Orange entrepreneur: When in doubt, innovate!
By Shen Yuan, Yichang International Communication Studio
Zhou Dainian from Yichang’s Xiangxiang Village is exploring modern methods for selling oranges, and also creating new opportunities for local villagers.
In 1990, after graduating from high school, Zhou bought a motorcycle and began selling oranges. At that time, transport issues and a lack of information flow meant that oranges from Xiangxiang Village – where he had grown up – had a hard time finding buyers. Zhou would bring merchants from other places to the village to buy oranges.
In 2006, scarcely anybody came to the village to buy oranges. So the resourceful Zhou hired a truck to transport a big load of local oranges to Kaifeng City in Henan province, 650 kilometers away. Once he got there, he sold 10,000 kilograms of oranges in less than an hour.
After this encouraging start, Zhou started thinking seriously about developing the market. In 2007, he invited several classmates to form a marketing team. Three years later, the village’s orange sales network had expanded to more than 30 cities across China, including Beijing, Wuhan, Shenzhen and Shanghai.
At that time, many orange sellers differentiated themselves on price, lowering prices to attract customers. Zhou was keen to go the quality route instead: he wanted to help fruit farmers adapt their planting to market demand.
In 2010, Zhou set up a "cooperative + members + base" cooperative, fusing together in an integrated ecosystem orange planting bases, agricultural distribution centers, orange wax factories and packing workshops.
Local villagers work as orange planters and also share dividends from the cooperative which has so far signed up 3,200 members from 19 villages.
In 2012, the cooperative began to develop contract farming. High-quality, standardized oranges have a larger, more stable market.

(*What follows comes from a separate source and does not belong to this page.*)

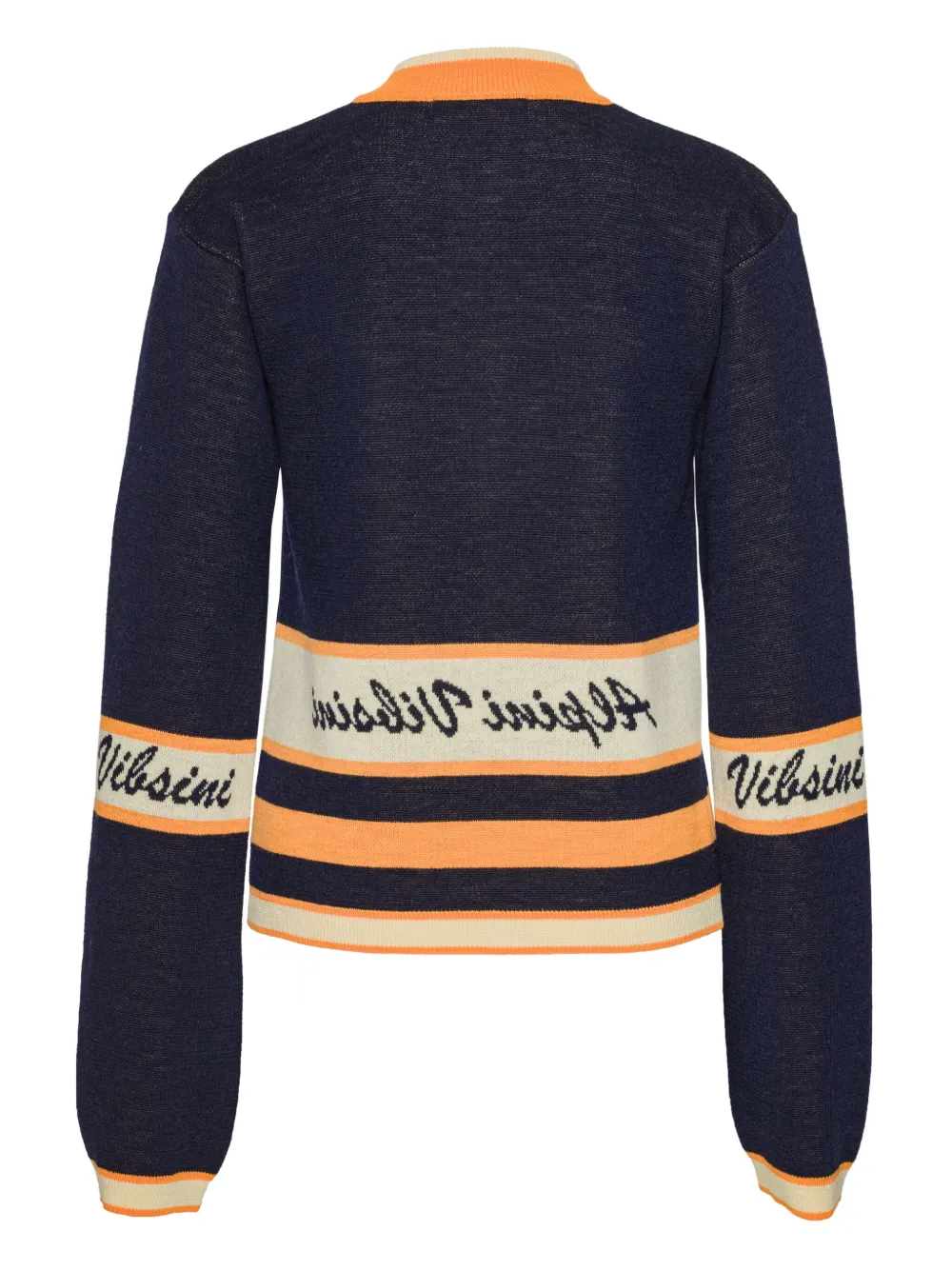 Темно-синий в полоску застежка-молния до середины длинные рукава вязаная отделка

In 2015, offline sales began to hit a bottleneck: too many intermediaries and long circulation times were negatively impacting profits. In response, Zhou set up an e-commerce operation department. In 2020, 60 percent of the cooperative's orange products were sold online.
Today, the cooperative buys and sells about 50,000 tons of oranges every year. It not only sells oranges from Xiangxiang Village, but from various places across China as well. The cooperative has become a national orange trading hub, generating annual revenue of more than 200 million yuan (US$27.4 million).
Three Gorges Daily's Chen Lu contributed the original Chinese story for this report.